## ABOUT THIS TASK
Below, find the line containing "За богослужением молились"; from there to the final line, print every line exactly and skip the pictures.

## Items listed in a dataset
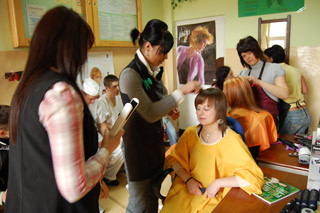 Uczniowie naszej szkoły zorganizowali też stoisko piekarnicze, gdzie gimnazjaliści otrzymywali ciastka z niespodzianką, pieczywo itp. Ponadto przez cały dzień działał salon fryzjerski, gdzie goście mogli zmienić swoja dotychczasowa fryzurę.
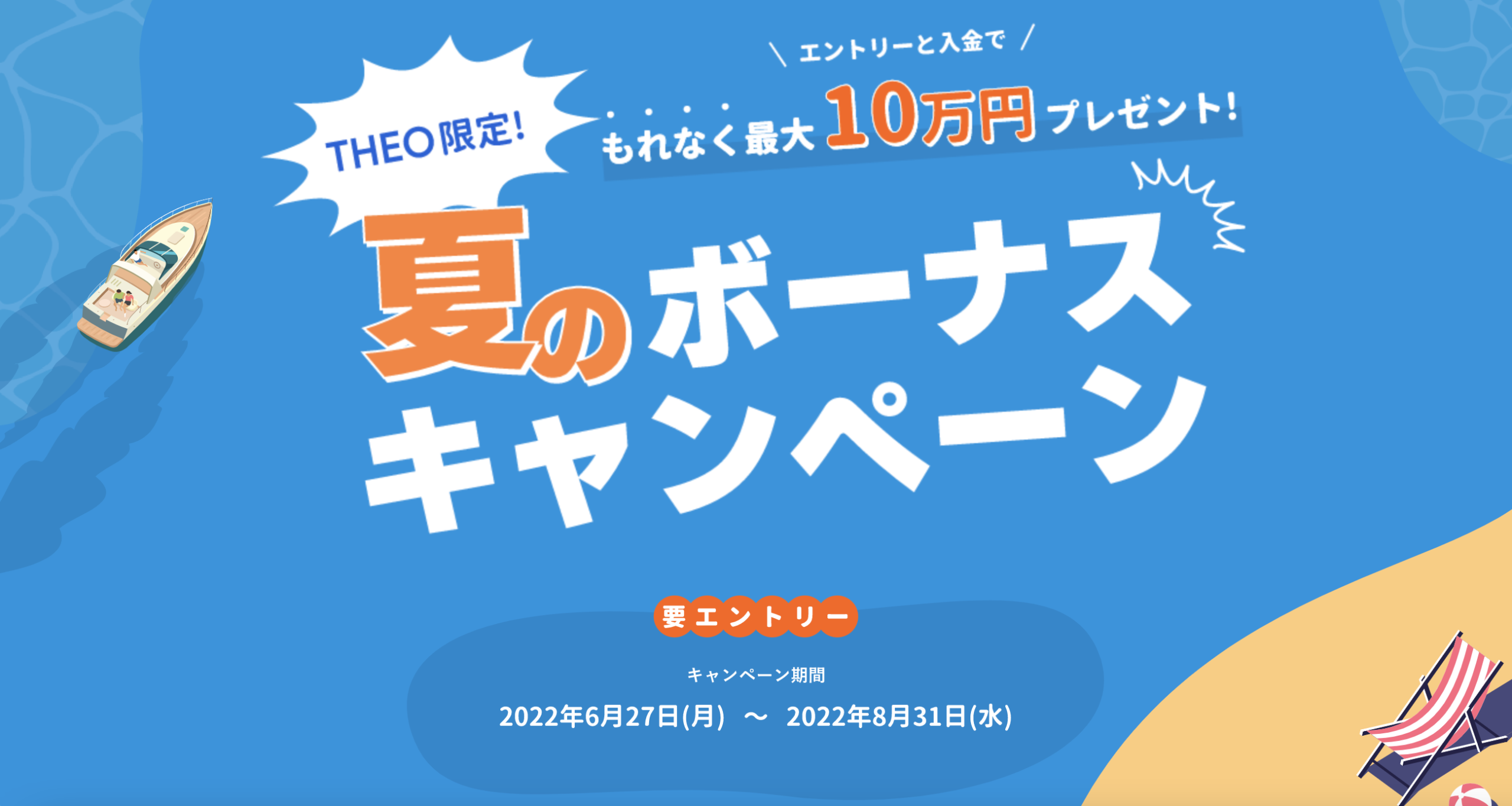 先進的なデジタル資産運用を提供する株式会社お金のデザイン(本社:東京都千代田区、代表取締役社長:山辺 僚一)は、2022年6月27日(月)より、キャンペーンページからエントリーされた方限定で、入金額に応じてもれなく最大10万円のプレゼントがもらえる「THEO夏のボーナスキャンペーン」を実施いたします。
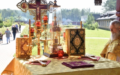 За богослужением молились настоятельница Спасо-Богородицкого Одигитриевского женского монастыря игумения Ангелина (Нестерова), братия Свято-Троицкого Маркова мужского монастыря Витебской епархии: иеромонах Алипий (Потапов), схииеродиакон Гавриил, иеродиакон Герман, руководители и сотрудники региональных органов власти и органов местного самоуправления, многочисленные прихожане, паломники, гости обители.
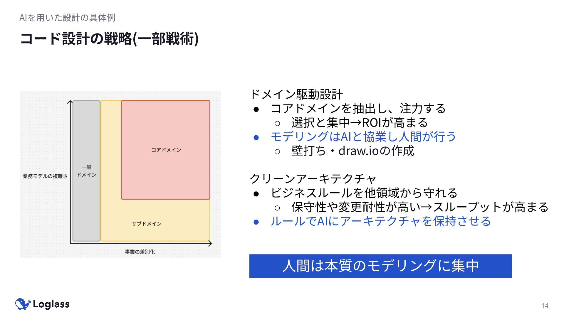 AIを⽤いた設計の具体例 14 コード設計の戦略(⼀部戦術) ドメイン駆動設計 • コアドメインを抽出し、注⼒する ◦ 選択と集中→ROIが⾼まる • モデリングはAIと協業し⼈間が⾏う
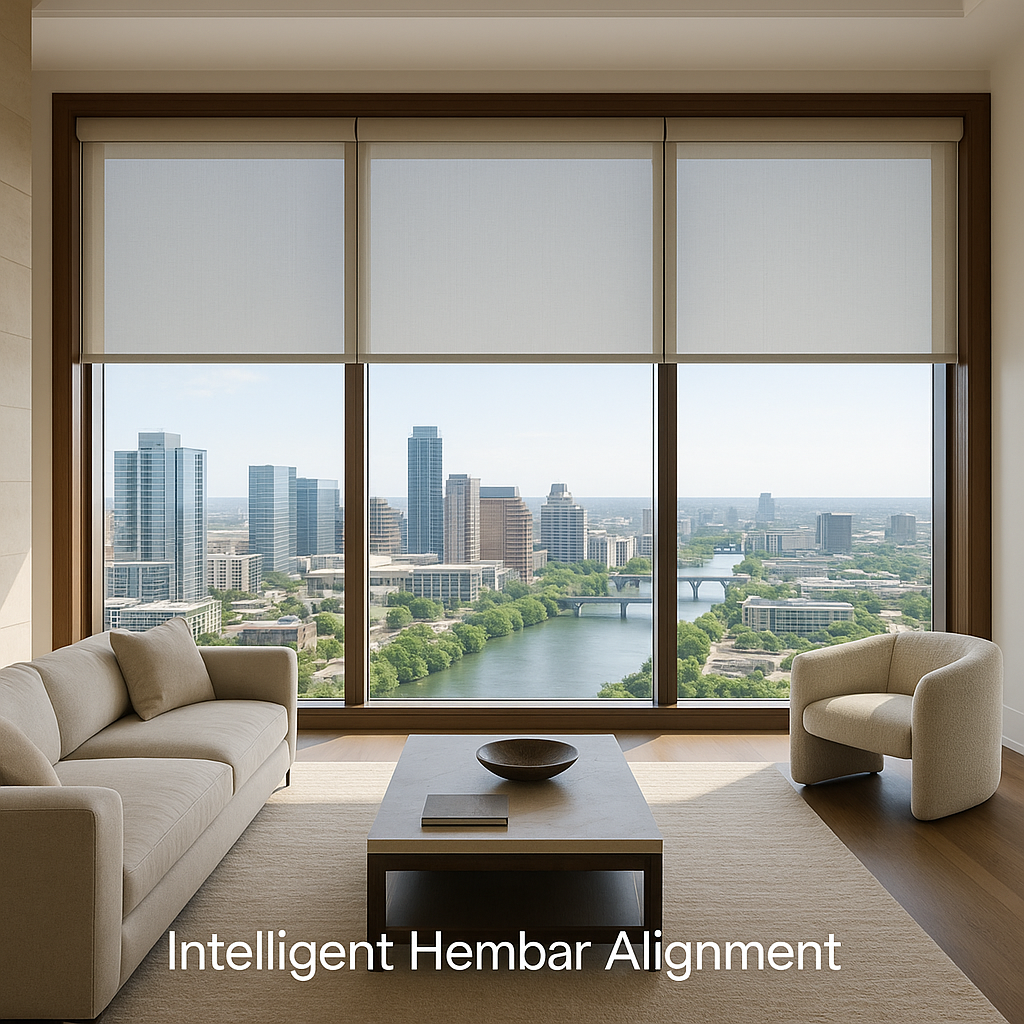 • Intelligent Hembar Alignment – Shades across multiple windows rise and lower in perfect unison, creating a refined and architectural aesthetic.

## RESPONSE TO THIS TASK
 За богослужением молились настоятельница Спасо-Богородицкого Одигитриевского женского монастыря игумения Ангелина (Нестерова), братия Свято-Троицкого Маркова мужского монастыря Витебской епархии: иеромонах Алипий (Потапов), схииеродиакон Гавриил, иеродиакон Герман, руководители и сотрудники региональных органов власти и органов местного самоуправления, многочисленные прихожане, паломники, гости обители.
 AIを⽤いた設計の具体例 14 コード設計の戦略(⼀部戦術) ドメイン駆動設計 • コアドメインを抽出し、注⼒する ◦ 選択と集中→ROIが⾼まる • モデリングはAIと協業し⼈間が⾏う
 • Intelligent Hembar Alignment – Shades across multiple windows rise and lower in perfect unison, creating a refined and architectural aesthetic.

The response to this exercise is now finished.